Set down exactly the lines below, starting at the one that contains "本站 11 月 16 日消息,开发商" and ending at the one that contains "During the post", with both of those lines included and nothing else.

*** RECORDS FOR THIS TASK Section Begins ***

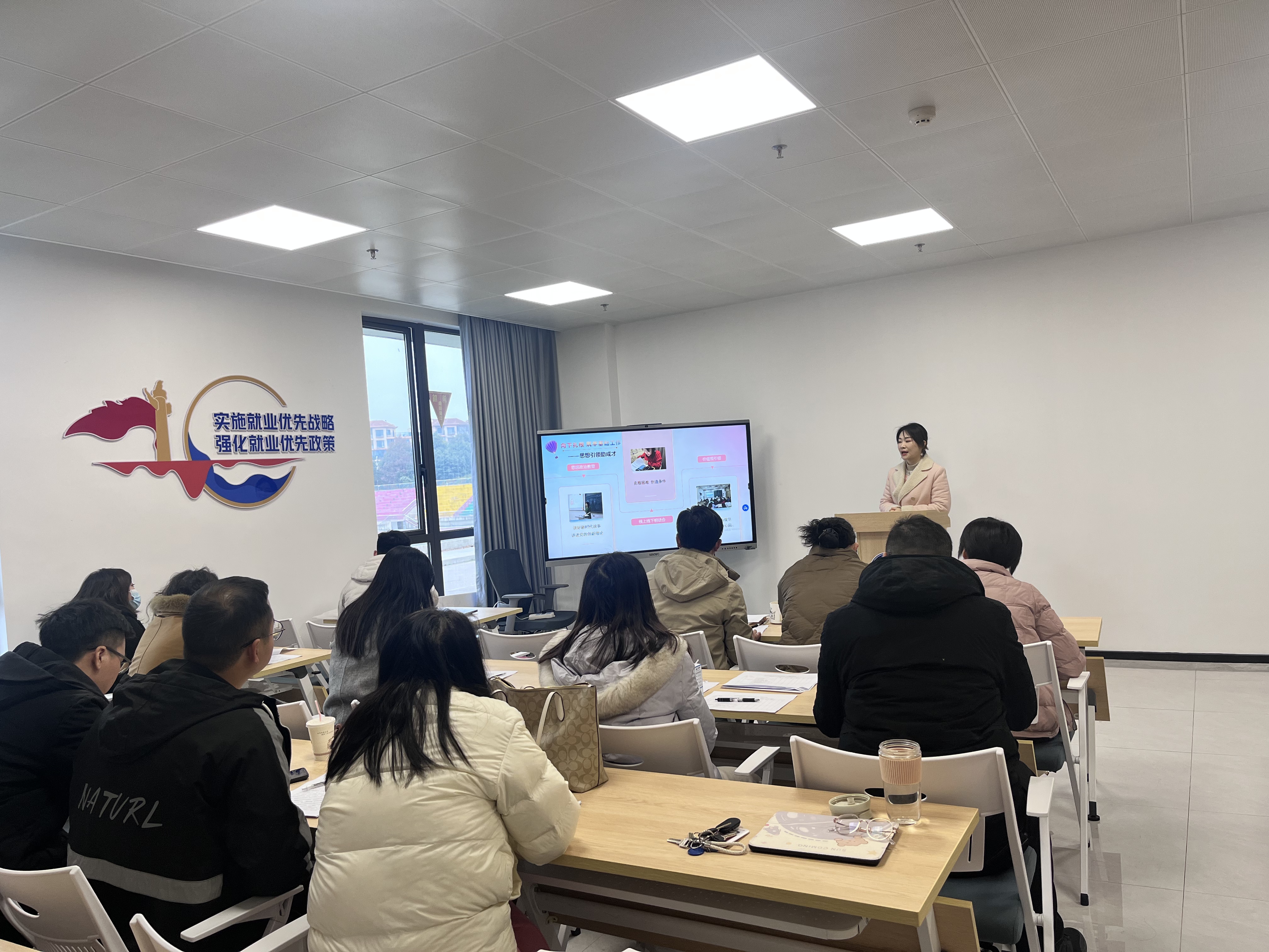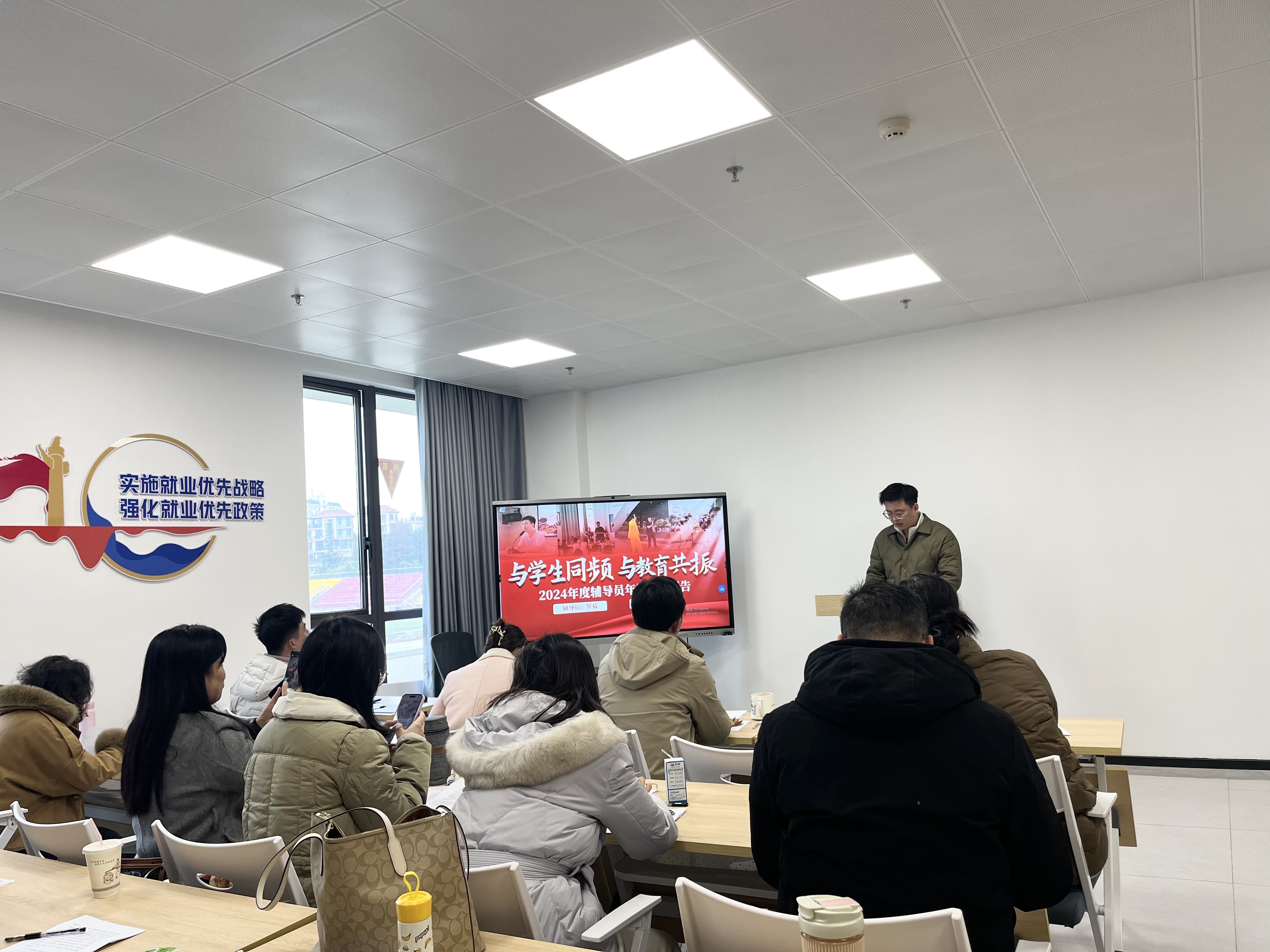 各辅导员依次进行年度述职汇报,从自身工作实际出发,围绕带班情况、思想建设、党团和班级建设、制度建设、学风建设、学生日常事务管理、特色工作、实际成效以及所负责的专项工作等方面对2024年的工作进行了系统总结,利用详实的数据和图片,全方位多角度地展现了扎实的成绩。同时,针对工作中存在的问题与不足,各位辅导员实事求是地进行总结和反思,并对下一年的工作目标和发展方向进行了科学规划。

*** RECORDS FOR THIS TASK Section Ends ***
*** RECORDS FOR THIS TASK Section Begins ***

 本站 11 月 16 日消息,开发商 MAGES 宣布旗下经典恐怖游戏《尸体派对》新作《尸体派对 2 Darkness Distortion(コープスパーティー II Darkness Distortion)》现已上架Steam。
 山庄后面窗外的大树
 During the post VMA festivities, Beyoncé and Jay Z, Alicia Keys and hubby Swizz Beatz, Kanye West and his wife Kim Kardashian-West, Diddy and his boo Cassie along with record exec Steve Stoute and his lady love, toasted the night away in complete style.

*** RECORDS FOR THIS TASK Section Ends ***

▶ **TASK OUTPUT**:
 本站 11 月 16 日消息,开发商 MAGES 宣布旗下经典恐怖游戏《尸体派对》新作《尸体派对 2 Darkness Distortion(コープスパーティー II Darkness Distortion)》现已上架Steam。
 山庄后面窗外的大树
 During the post VMA festivities, Beyoncé and Jay Z, Alicia Keys and hubby Swizz Beatz, Kanye West and his wife Kim Kardashian-West, Diddy and his boo Cassie along with record exec Steve Stoute and his lady love, toasted the night away in complete style.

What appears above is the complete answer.